Europe’s Future Uncertain, Say Global Network Students

February 22, 2017

Yale SOM's David Bach discusses how students view the future of the EU following a conversation with David R. Cameron, professor of political science and director of European Union studies at Yale.

The third session of our experimental “The End of Globalization?” online course for students from across the Global Network for Advanced Management revealed just how uncertain MBAs think Europe’s future is. At the end of a 90-minute discussion about the causes and consequences of Brexit, we asked students whether they thought the EU (minus the UK, but otherwise in its current form) will still exist one, five, and 10 years from now.

Despite the string of elections this year that could propel anti-EU populists to power, including Geert Wilders in the Netherlands, Marine Le Pen in France, and Beppe Grillo in Italy, and that could end Angela Merkel’s long reign in Germany, 86% of students are confident the EU will be around next year. When it comes to 2022, however, just as many believe the EU will have changed dramatically or have disappeared as believe it will still exist in its current form. And almost two in three students are convinced the current EU will be a thing of the past by 2027.

Indeed, as the session revealed, the EU is dealing with a myriad of crises, from renewed concern over Greece, to still-weak banks in Italy and beyond, to a refugee and immigration crisis and an employment crisis that afflicts particularly the young. Add to this the crisis posed by Brexit and European leaders have their hands full. The biggest crisis of all, however, and one made more pronounced by Brexit, is a crisis of legitimacy, as David R. Cameron, professor of political science and director of European Union studies at Yale University, explained to the Global Network students.

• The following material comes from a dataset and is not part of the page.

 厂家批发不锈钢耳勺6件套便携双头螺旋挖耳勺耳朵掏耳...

Cameron was the featured guest in the session and shared with students his views on why his namesake, the former British Prime Minister David Cameron, miscalculated so badly when he called for a referendum on Britain’s continued membership in the EU. Not only was the question asked too narrowly (“remain” or “leave,” with no consideration of what a world without the EU might look like), he argued, but Cameron and his allies also ran a dreadful campaign that framed the issue almost exclusively in terms of the negative impact of leaving the EU on the economy, jobs, and investments—an approach that became known as “Project Fear.” Brexit proponents, in contrast, captured the imagination especially of older voters, less educated voters, and those in the former industrial heartland with their cry for Britons to “take their country back.”

“I was up all night watching the results of the referendum come in,” explained Cameron,“but when I saw that Sunderland had overwhelmingly voted to leave, I knew it was over. If a solidly Labour district with a large Nissan plant that manufactures cars largely for the European market votes to quit, it’s clear that economic rationale was not going to prevail.”

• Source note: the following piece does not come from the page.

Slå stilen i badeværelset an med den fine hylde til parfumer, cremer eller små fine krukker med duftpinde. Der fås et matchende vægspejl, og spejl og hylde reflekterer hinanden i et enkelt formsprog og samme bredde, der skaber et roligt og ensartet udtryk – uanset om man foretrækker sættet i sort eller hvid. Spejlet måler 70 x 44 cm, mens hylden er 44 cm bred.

For many British voters, immigration was the key issue, and those who were particularly concerned about a recent increase in immigration from fellow EU countries mired in economic crisis voted overwhelmingly to quit the EU. “Since its founding, the European Economic Community and later the European Union has had this focus on the ‘four freedoms’—the creation of an internal market in which goods, services, capital, and people could move freely,” explained Cameron. While the British economy has benefited from European integration, older and poorer voters in particular felt that the free flow of people from other EU countries had hurt them. Yet European leaders were unwilling to let Britain pick and choose, and for this position they got the support of Global Network students. Polled on whether they think European leaders should have allowed the UK to suspend or limit EU migration in an effort to appease British voters, 65 percent said “definitely not” or “probably not.” And it is this insistence of the EU that the four freedoms go together that has left current Prime Minister Theresa May no choice but to opt for “hard” Brexit, Cameron concluded.

Having examined in a previous session of the course the rise of populists from the U.S. to Asia and Europe, enrolled students believe that the wave that saw Donald Trump elected in the U.S. and Rodrigo Duterte take power in the Philippines, and that has emboldened populist leaders in Hungary, Poland, Turkey, and other countries, is not over. A plurality of 44% of students enrolled in the course think that Marine Le Pen, leader of the populist anti-EU and anti-immigrant Front National, will become the next president of France after elections in April and May. A similar plurality think Geert Wilders of the anti-establishment Dutch Freedom Party will win his country’s parliamentary election in March. Things are less certain in Italy. While 37% of students think that Beppe Grillo, leader of the populist Five Star Movement, could become Italian prime minister if there are early elections this year, 47% are not sure. Students have the most confidence in the outcome of Germany’s elections in the fall. Even though the populist Alternative für Deutschland has been gaining in the polls and the Social Democratic Party, Chancellor Merkel’s junior coalition partner, has nominated with former European Parliament president Martin Schulz a popular alternative, 55% of students are convinced Angela Merkel will be reelected as chancellor.
 

In his closing comments, Cameron stressed his optimism regarding the future of the European project despite the colossal challenges. “Europe always does best when in crisis,” Cameron explained, and now that the perennially EU-ambivalent UK has withdrawn, there is an opportunity for the remaining members to forge ahead with “ever closer union.” Cameron revealed that on the question of whether the EU will still be around in one, five, and 10 years, he would have voted “yes,” “yes,” and “yes.”